For the next five years, I remained very weak and sick from radiation sickness. During this time I did not grow at all. My voice remained the same, and I did not mature as normal boys did. My mother worried that I might end up a dwarf in a circus. But still I prayed daily that God would restore my health completely, and sure enough, when I was 19, I grew 15 centimeters (6 inches) in one year and my body matured completely.

For many years, I told no one about my experience because others considered those of us who had been affected by high doses of radiation the living dead, as though it was only a matter of time before we would die. It was also thought that those who had been exposed to radiation would have abnormal and deformed children. I felt, therefore, that I should tell any girl I was considering to marry about my background and experience, and several girls refused to marry me because of this.
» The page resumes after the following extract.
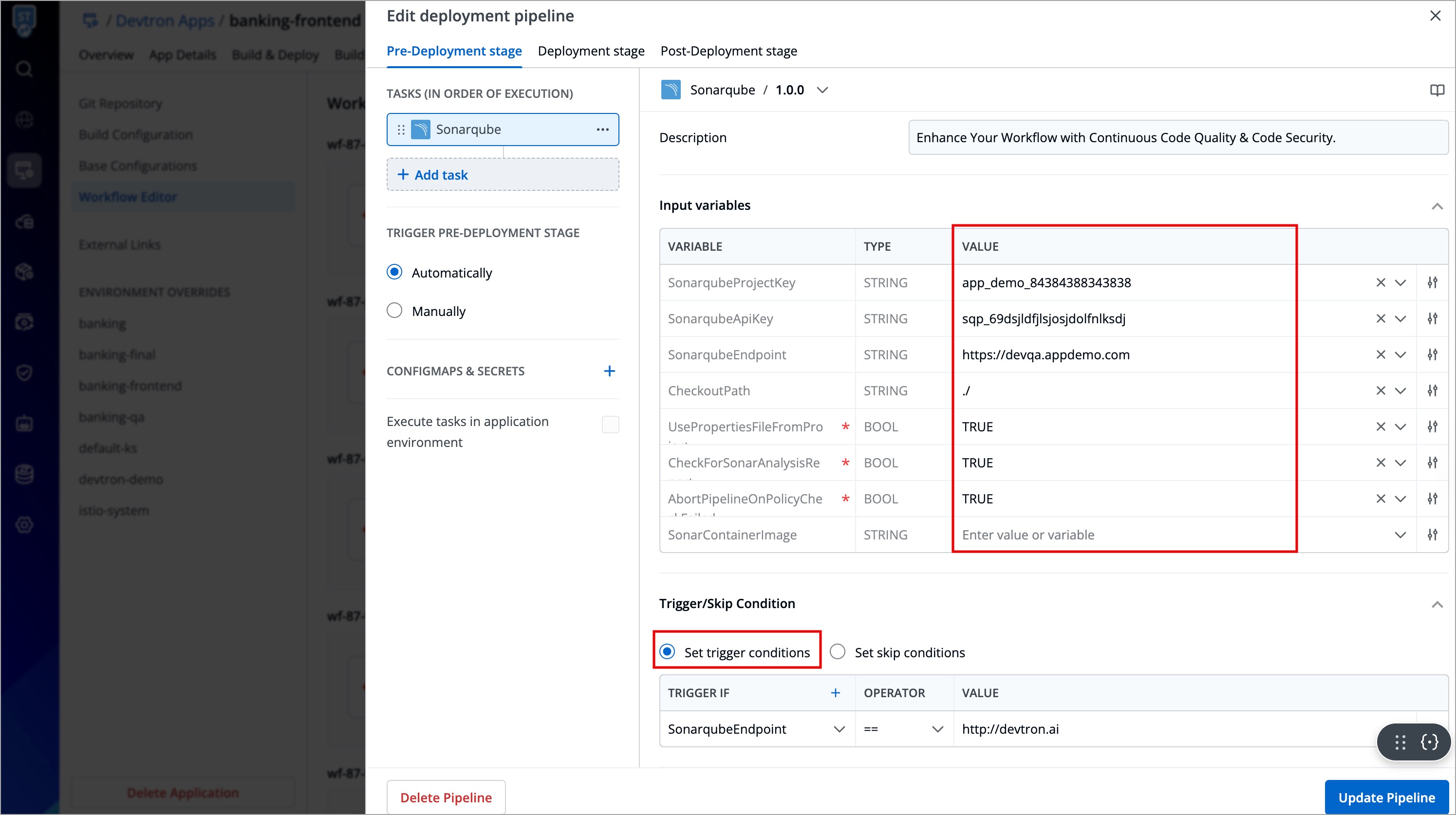 | AbortPipelineOnPolicyCheckFailed | Boolean | Enter either true or false accordingly whether you want to check if the policy fails or not |

Eventually one girl agreed to be my wife, and thanks to God, we had three normal, healthy, beautiful children.-Another set of miracles!

It wasn't until many years after my Hiroshima bomb experience that someone told me about Jesus and His plan of salvation, and I asked Jesus to come into my heart. Before that I could never understand why God had miraculously spared me. But now I believe the Lord wants me to tell my story in order to warn the world of the nightmare of nuclear war-a war that unleashes the very horrors of hell on earth and is absolutely insane, suicidal, and without honor, where millions of innocent men, women, and children can be wiped out in one burning flash.

I would also like my story to encourage all who hear it that God can do miracles. If God wants you to live, then nothing can kill you-not even an atomic bomb!